Representation theorems for nonvariational solutions of the Helmholtz equation
M. Lanza de Cristoforis
TL;DR
This work develops a comprehensive layer-potential framework for the Helmholtz equation in $Ω$ and its exterior, accommodating $\alpha$-Hölder nonvariational solutions ($m=0$) with potentially infinite Dirichlet energy. It establishes interior and exterior representation theorems expressing solutions via single-layer and double-layer potentials, possibly with distributional densities, and identifies finite-dimensional corrections tied to Dirichlet/Neumann spectra.
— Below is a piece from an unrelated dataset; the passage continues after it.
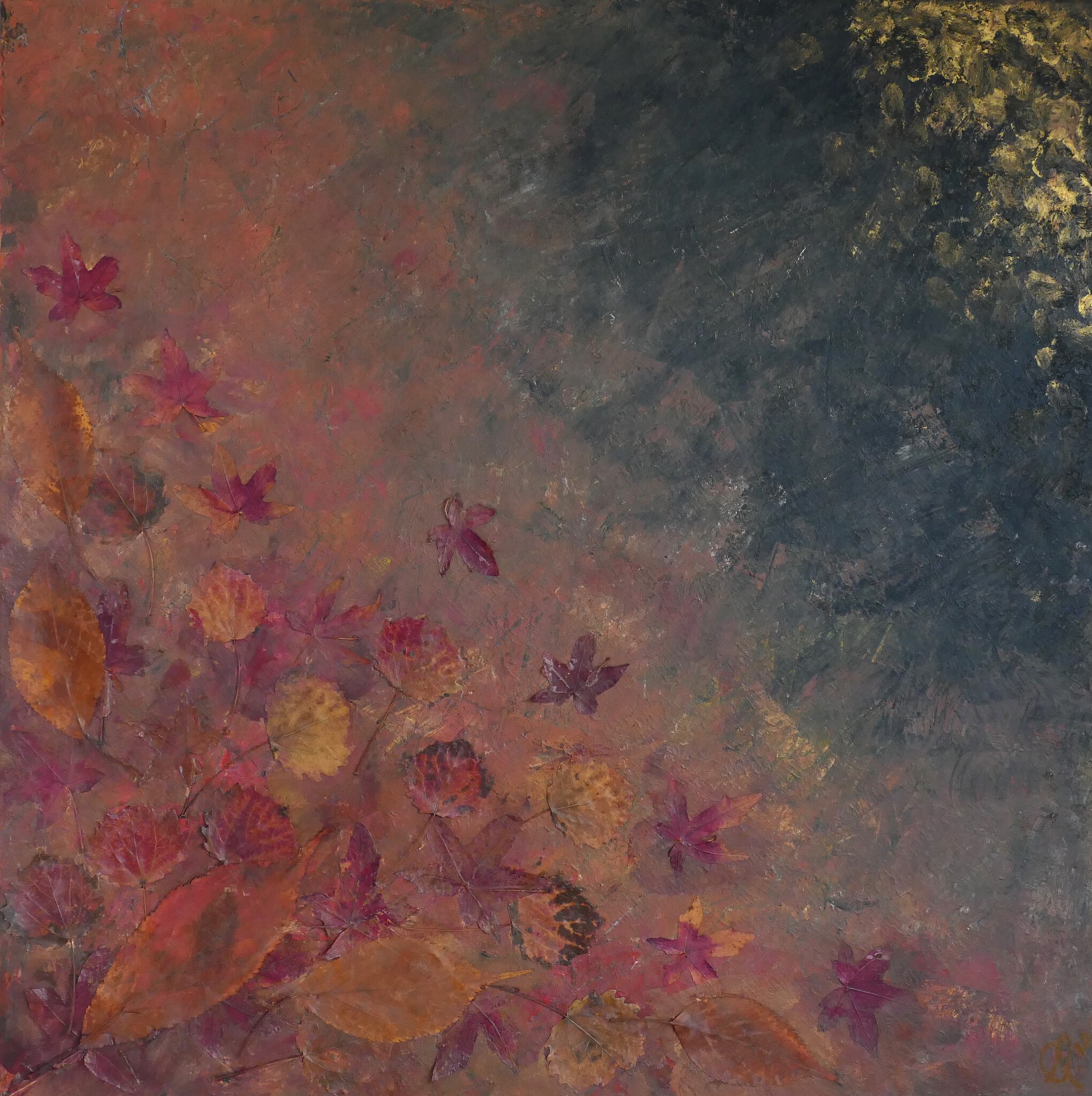 In de herfst van 2020 leefde het coronavirus weer op. De chaos die ik voelde verbeeldde ik met verf op het doek. Een paar dagen later wandelde ik met een vriendin door het herfstlandschap. Zij wees mij op herfstbladeren op de grond, rood met een zwarte rand. 'Deze kleuren er mooi bij, zei ze. We raapten een aantal bladeren en samen met herfstbladeren uit mijn tuin heb ik ze verwerkt in het doek.

It then provides nonvariational solvability results for interior/exterior Dirichlet and Neumann problems, together with a unifying representation formula that bijectively maps boundary data supplements to solution spaces, modulo spectral obstructions. The results extend classical variational theory to nonvariational contexts and multi-component exteriors, offering a rigorous basis for applications in singular perturbation problems and electromagnetism.
Abstract
We consider a possibly multiply connected bounded open subset $Ω$ of ${\mathbb{R}}^n$ of class $C^{\max\{1,m\},α}$ for some $m\in {\mathbb{N}}$, $α\in]0,1[$ and we plan to solve both the Dirichlet and the Neumann problem for the Helmholtz equation in $Ω$ and in the exterior of $Ω$ in terms of acoustic layer potentials. Then we turn to prove an integral representation theorem solutions of the Helmholtz equation in terms of a single layer acoustic potential. The main focus of the paper is on $α$-Hölder continuous solutions which may not have a classical normal derivative at the boundary points of $Ω$ and that may have an infinite Dirichlet integral around the boundary of $Ω$\, \textit{i.e.}, case $m=0$. Namely for solutions that do not belong to the classical variational setting.